What you need to do - Look for the line with "Famille Laisné : seigneur" in the data below, then reproduce word for word that line and every line after it. Leave out all pictures and add nothing.
#### Provided material ####
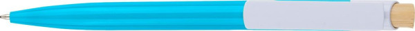 Stylo-bille en ABS recyclé avec bouton-poussoir en bambou et clip blanc. Logo recyclé intégré au moule. Longueur d'écriture approximative de 600 mètres. Encre bleue.
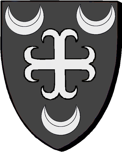 Famille Laisné : seigneur de Ligadec, en Boquého; de Pencrec'h; de Kergoff; de Belle-Fontaine. "d'argent au croissant de gueules, accompagné en chef de trois mouchetures de sable et en pointe d'une molette de gueules" / "en arc'hant e greskenn en gwad, heuliet ouzh kab gant teir brizhenn en sabel hag ouzh beg gant ur rodig-kentr en gwad". références et montres de 1427 à 1535. (PPC) |
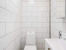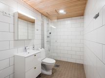 Avokeittiö on varustettu täyskorkealla jääkaapilla sekä pakastimella, laadukkailla Electroluxin kodinkoneilla ja kauniilla kvartsi-komposiittitasolla. Välitilassa on lasi ja vetimet ovat messinkiset. Rauhallinen ja raikas värimaailma jatkuu kylpyhuoneessa, josta löytyy tilava allaskaappi sekä peilikaappi ja hyvin tilaa pesutornille. Tilassa on lasinen suihkuseinä ja pyykkikaappi. Asunnossa on myös erillinen, pienempi wc-tila.
####
Result for this exercise -
 Famille Laisné : seigneur de Ligadec, en Boquého; de Pencrec'h; de Kergoff; de Belle-Fontaine. "d'argent au croissant de gueules, accompagné en chef de trois mouchetures de sable et en pointe d'une molette de gueules" / "en arc'hant e greskenn en gwad, heuliet ouzh kab gant teir brizhenn en sabel hag ouzh beg gant ur rodig-kentr en gwad". références et montres de 1427 à 1535. (PPC) |
 Avokeittiö on varustettu täyskorkealla jääkaapilla sekä pakastimella, laadukkailla Electroluxin kodinkoneilla ja kauniilla kvartsi-komposiittitasolla. Välitilassa on lasi ja vetimet ovat messinkiset. Rauhallinen ja raikas värimaailma jatkuu kylpyhuoneessa, josta löytyy tilava allaskaappi sekä peilikaappi ja hyvin tilaa pesutornille. Tilassa on lasinen suihkuseinä ja pyykkikaappi. Asunnossa on myös erillinen, pienempi wc-tila.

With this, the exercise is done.